Die privaten Besitzer der Schlösser und Herrenhäuser in Mecklenburg-Vorpommern fordern dringend staatliche Hilfe. Viele der Häuser in privater Hand erfüllten zentrale soziale Funktionen in ihren Dörfern, so Robert Uhde, Sprecher des Vereins der Schlösser, Guts- und Herrenhäuser in MV, gestern bei einer Fachtagung, zu der die SPD-nahe Friedrich-Ebert-Stiftung auf Schloss Hohen Luckow geladen hat. Der Verein wünsche sich in den kommenden Jahren Hilfe vom Land Mecklenburg-Vorpommern in Höhe von rund 20 Millionen Euro.

Die Schwierigkeiten vieler privater Eigentümer hätten laut Vereinsvorsitzendem Manfred Achtenhagen damit zu tun, dass die meisten Häuser nach 1945 von den Erträgen aus der Landwirtschaft abgetrennt wurden. Nun sei es für die Erben äußerst schwierig, ihnen eine neue Perspektive zu geben. 1500 dieser Häuser gebe es landesweit, knapp ein Drittel verfalle, viele könnten von den Eigentümern nicht vernünftig erhalten werden.

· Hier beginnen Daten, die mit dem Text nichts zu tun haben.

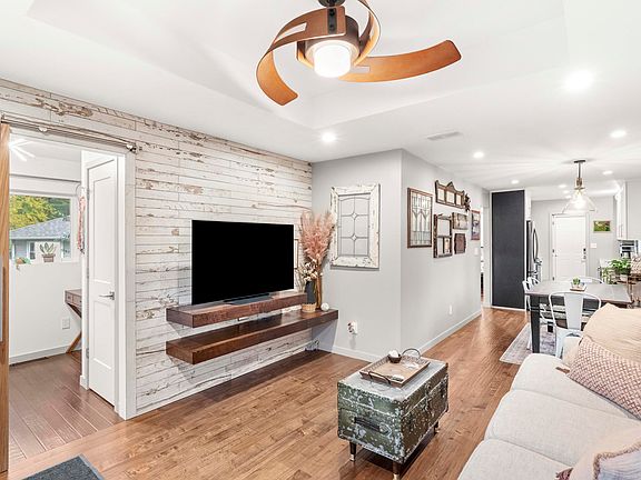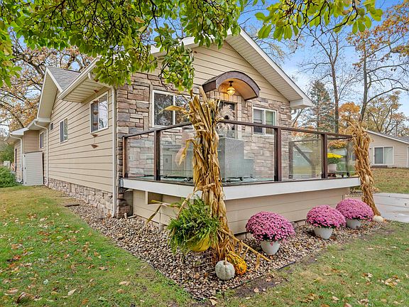 This Charming Cozy Bungalow with Lake Rights is a must see! If you think the pictures are beautiful wait till you walk through the front door you will immediately feel right at home! The front porch deck is made of Brazilian Walnut and has glass railings with LED lighting underneath them as well as hidden storage under deck. All upgrades were done with high-end materials. Open concept living area with an accent wall and floating shelves, hand-scraped hardwood flooring, tray celling, custom barn door. Kitchen has custom soft close cabinets, quartz counter tops, and only 2 year old SS appliances. Bathroom has heated porcelain title floor with glass tiled spa tub/shower. Custom walk-in closets and tray ceilings in 2 of the bedrooms. Laundry area has a pull out pantry, drawer with built in ironing board, and a tankless hot water heater! 2 car heated garage has been converted to living space for entertaining family and friends and extra storage, also has AC for those warmer days. Schedule a showing and make this your home sweet home before the holidays!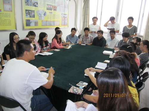 9月7日,在学院小会议室举办了学生干部工作经验交流会,2008级同学重点介绍了舜耕校区的情况,传授了学习经验,进行了现场答疑, 受到09级同学的热烈欢迎,他们纷纷表示收获很大,受益匪浅。经验交流为2009级同学迅速适应环境,尽快使学习和生活步入正常轨道提供了帮助。会上,大家畅所欲言,现场气氛活跃。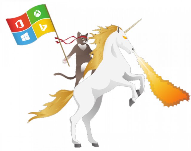 Среди официальных обоев можно найти и мемы - например, кот-ниндзя, держащий в руках флаг Windows и оседлавший единорога или тираннозавра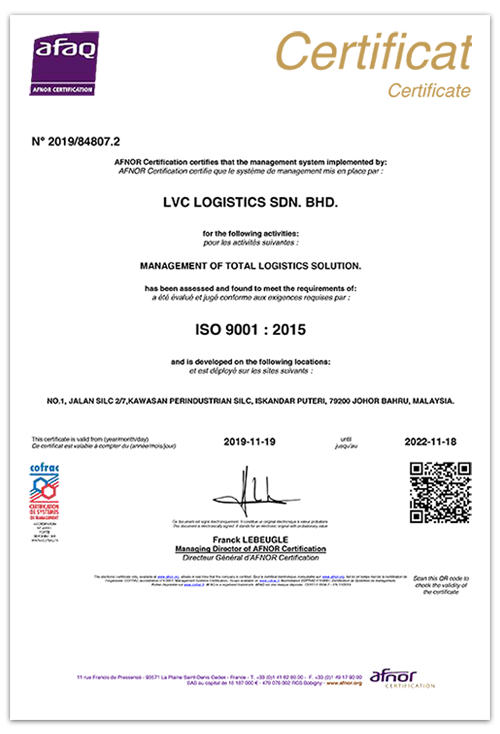We are proud to announce that LVC Logistics Sdn Bhd has achieved ISO 9001:2015 Certification through Afnor Certification body from France where they are accredited by COFRAC. This achievement is an important milestone for LVC as we continue to seek improvements on our Quality Management System.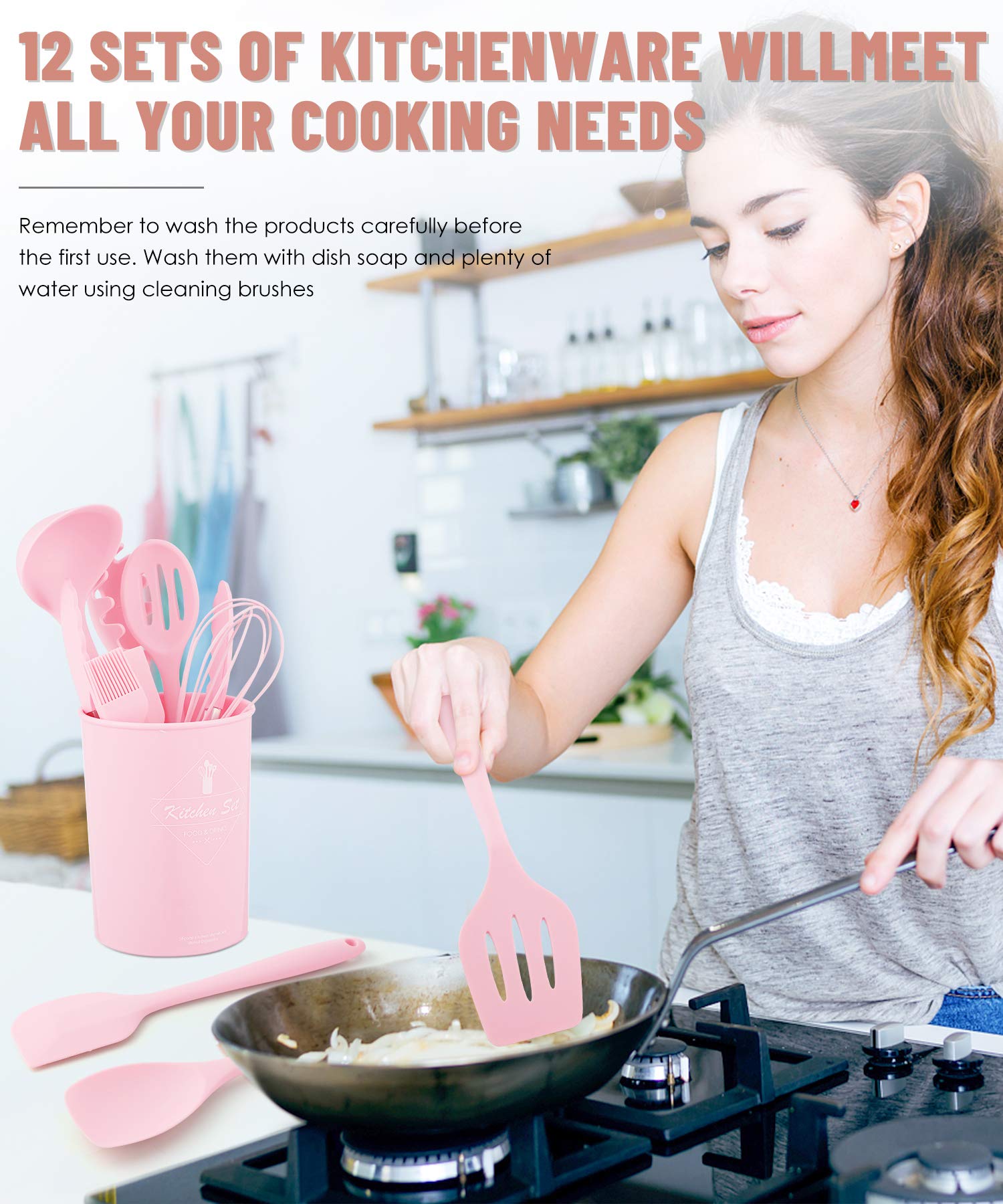 Kitchen Utensils Set-12 Pieces Silicone Cooking Utensils Set (Dishwasher Safe) 392°F Heat Resistant Spatula Set, Nonstick Cookware

Hoffnungen darauf, dass die öffentliche Hand deutlich stärker aktiv wird, bremste hingegen Stefan Wenzl, Abteilungsleiter im Finanzministerium unter anderem für Liegenschaften und Schlösser. Eine Rettung auch denkmalgeschützter Gebäude müsse privatwirtschaftlich darstellbar sein. „Fehleinschätzungen privater Investoren und persönliches Versagen bei der Kalkulation können nicht hinterher sozialisiert werden“, so Wenzl.

Friedrich von Waldthausen, Stiftungsrat der Stiftung Kulturerbe im ländlichen Raum, sieht es ähnlich. Bei vielen Häusern seien die Investitionsbedarfe so hoch, dass auch ein rentabler touristischer Betrieb das Investment nicht zeitnah tragen könne. Grundlage müsse immer eine solide Basis privater Eigenmittel sein. Für Gebäude von großer baukultureller Bedeutung, die akut vom Verfall bedroht sind, könnte vielleicht bald ein Nothilfefonds einspringen. Über die konkrete Ausgestaltung dieses Fonds berät zurzeit der Landtag.

Gute Nachricht für einige Gutsherren: Für die internationale Vernetzung der Touristiker unter ihnen gibt es bald Geld von der EU. Das Programm „South Baltic Manner“ gibt 2,3 Millionen Euro unter anderem für Veranstaltungsreihen und Ausstellungsprojekte, mit denen die Schlösserlandschaft zwischen MV, Polen und Schweden als einheitlicher Kulturraum vermarktet werden soll. „Um touristisch wahrgenommen zu werden, brauchen wir die Kraft einer Marke“, so Manfred Achtenhagen. Gerd Lange, Referatsleiter Tourismus im Schweriner Wirtschaftsministerium, ergänzt, die Mittelzusage sei umso erfreulicher, weil es immer schwieriger werde, Tourismusprojekte in den europäischen Förderprogrammen zu etablieren.